This is the gear i have stinky Pete. 

i have a 12 ft tsunami surf, 12 ft beef stick, 12 ft ocean master, 12 ft okuma longitude. 

i think all of them can beat a ray, the longitude, i am reluctant to try - would probably snap....

As for reels... i have 2 stock spinning reels ( Optix ), sturdy, but idk the max drag. 

And i have a daiwa sha 40X and a penn squidder. 


Gear wise, i think i am ok. But i have no idea how to set up for sting rays? 

Do it the same way you would for sharks? Just don't need all the metal?


----------



## Stinky_Pete (Mar 28, 2011)

Not like shark in the least. Just a mono leader and maybe a 'shock' leader about 2x your line strength. The important thing about shock leaders is tying the knot so that it doesn't 'catch' when you cast. 

Cow nosed rays love cut bait, but will hit squid, clam, worms, etc. 

They really aren't that big, but pound for pound they are enormously powerful. There fights are generally pretty steady, but they do make nice runs and if you fight them properly, they will ware you out! 

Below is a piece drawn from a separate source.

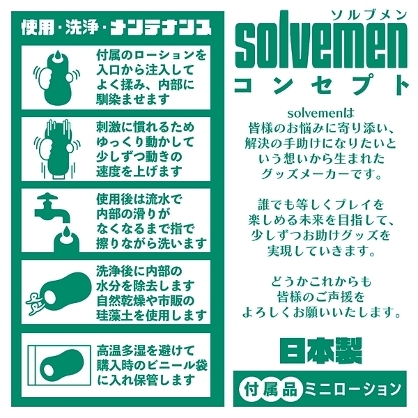 「今日はイボで刺激的に」「今日はヒダでやさしく」同じものを使い続けたいときもあれば、1日おきに違うものを使いたいときもある。 そんな気まぐれに全力で応えたいです。 それがソルブメンの生まれた意味だと思いませんか?今回のテーマは「めっちゃイボ」となります。 敢えてイボだけにしなかった意図をお教えしましょう。 ヒダのなかに確かな存在感、イボは本当にイボ。 それは間違いないのです。 しかし敢えてヒダの群れにイボを配置する事でしか生まれない、極上の快感ハーモニーがあることをどうしても感じて欲しかったのです。 あなたはオナホ選びに悩む必要はなくなります。 あなたのためにソルブメンがいるのです。 安心安全の日本製で繰り返し何度でも利用が可能です。 ![]() --![]() --

Use 17+# test. My favorite for them is Cajun red. 

That's about it - use good knots or your line will snap at the knot. 

Fish-n-fool or Berkeley braid knot. 5/0-7/0 hook - they have HUGE mouths.

Change bait after half an hour and WATCH THAT TAIL! It can be a killer. 

Same for sting rays which there are a lot of now days. Stings' will bury themselves in sand, so don't allow them too - keep the fight on. Stings' are easier to bring up. 

Good luck.


----------



## PandaBearJeff (Aug 19, 2013)

Okay, thanks. 

i think i will bring my garden clippers. 









and just chop those tails off.


----------



## Stinky_Pete (Mar 28, 2011)

Smart move, but kill them first. 

Thanks.


----------



## QBALL (Jun 26, 2014)

thanks that was a neat video.


----------



## Stinky_Pete (Mar 28, 2011)

I invented "neat" along with the "pier-pal 3000" and "pop-rocks."

"you're welcome!"


----------



## PandaBearJeff (Aug 19, 2013)

Np. Kill first, i can do that.


----------



## surfnsam (Apr 28, 2008)

I had 1 messing up my fishing at crab ally a few years ago every time I pulled it in to get my rig back the line would break so I got a hand gaff. The next time I hooked it I slammed it in the head and pulled it in. Cut the wings off and put them on ice. I fileted the skin and cartilage out and sauted some in olive oil with tomato and green olives very tasty but a lot of work skinning. Old timer said to just bake them like chicken and the skin comes right off. U get a lot of meat from a 50# CNR.


----------